Vega Reservoir is the centerpiece, and it’s a handsome one — surrounded by aspen and conifer forest that shifts from bare branches to fresh green leaves through the month of May in a slow-motion show worth witnessing. The park is open daily, and the fishing is well-regarded among the people who make the drive up from the valley towns.
Camping spots are available and, in May, blessedly uncrowded.
Getting to Collbran requires navigating some genuinely rural Colorado roads, which acts as a natural filter against casual tourism. That’s not a complaint — it’s a feature.
The drive through the Grand Mesa foothills is scenic enough to justify the trip independently, and arriving at Vega’s quiet shoreline feels like a reward proportional to the effort. Worth every turn.
13. Dinosaur Journey Museum – Fruita

Fruita, Colorado has quietly assembled a remarkable identity around prehistoric bones and mountain biking, and the Dinosaur Journey Museum at 550 Jurassic Court, Fruita, Colorado 81521 represents the fossil half of that equation with genuine enthusiasm and scientific credibility. The museum houses actual specimens excavated from the nearby Morrison Formation — one of the richest dinosaur fossil deposits in North America — alongside robotic reconstructions that move and make sounds in ways that cause small children to simultaneously shriek and demand to see them again immediately.
May is an excellent time to visit because the Western Slope weather is cooperative, the summer tour groups haven’t descended, and the museum’s pace allows for actual engagement with exhibits rather than shuffling through crowds. Current listed hours make planning straightforward, and the museum’s scale is right — thorough enough to feel substantive, compact enough to avoid overwhelming younger visitors.

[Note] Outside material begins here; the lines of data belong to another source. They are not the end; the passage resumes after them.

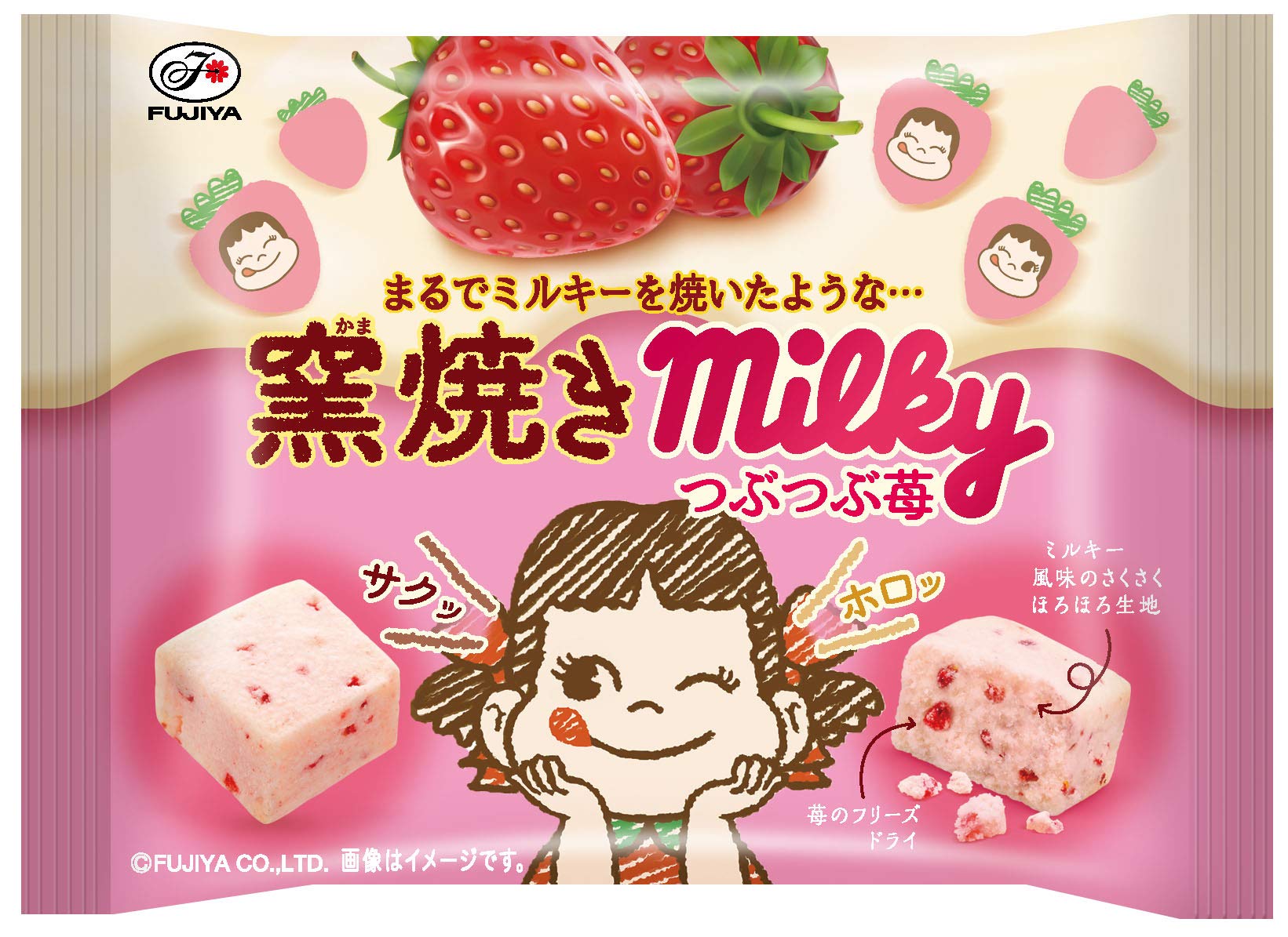 ミルキー風味の生地が、書いてある通りさくさくほろほろ!フリーズドライの甘酸っぱいつぶつぶ苺と合ってgood!!パッケージも可愛い!一粒食べるごとにペコちゃんみたいに笑顔に!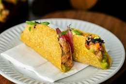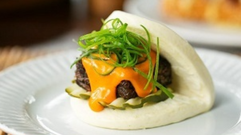 Os chefs Vitor Verona e Felipe Machoski, do Officina Resto Bar e Neko Asian Bar, oferecem Bao de Bulgogi com Cheddar Gochujang no pão de vapor recheado com costela prensada, e um Corn Dog com kewpie e molho tonkatsu.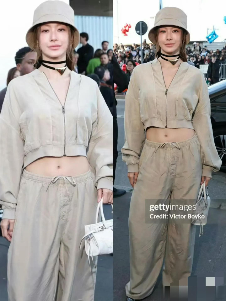 泰国女演员Namtan这套穿搭也一言难尽,衣服颜色像灰色又像米白,还戴了帽子,跟渔夫似的,完全浪费了她的颜值和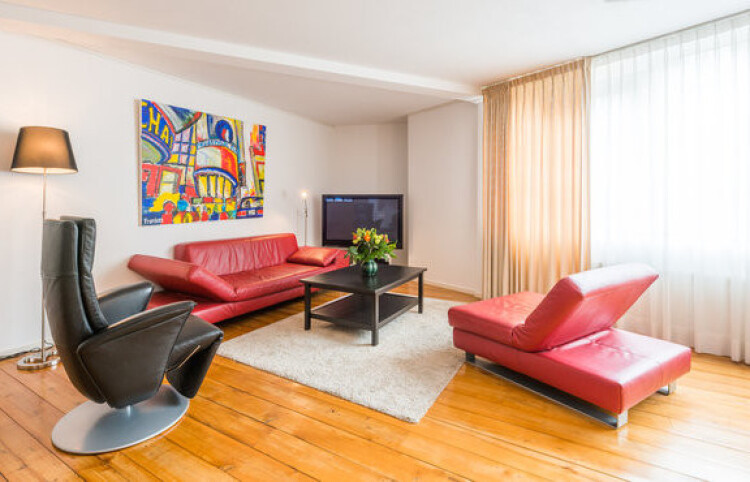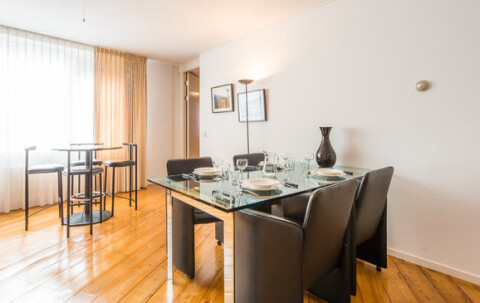 The total surface of the apartment is 102 square meters. 2 large bedrooms, one with kingsize bed, one with twin beds. Lots of storage space in each bedroom. Fully equipped kitchen, all devices brand new. Large bathroom with tub, sink and shower cabin. Washer/dryer. Separate toilet room with sink.

What I appreciate most about Dinosaur Journey is that it doesn’t talk down to its audience. The science is real, the fossils are real, and the interpretive materials treat curiosity as something worth sustaining rather than satisfying with cartoon shortcuts.
Pair it with a ride or walk along Fruita’s trail system afterward, and you’ve combined intellectual and physical activity in a town that handles both with unpretentious confidence. A genuinely rewarding Western Slope stop.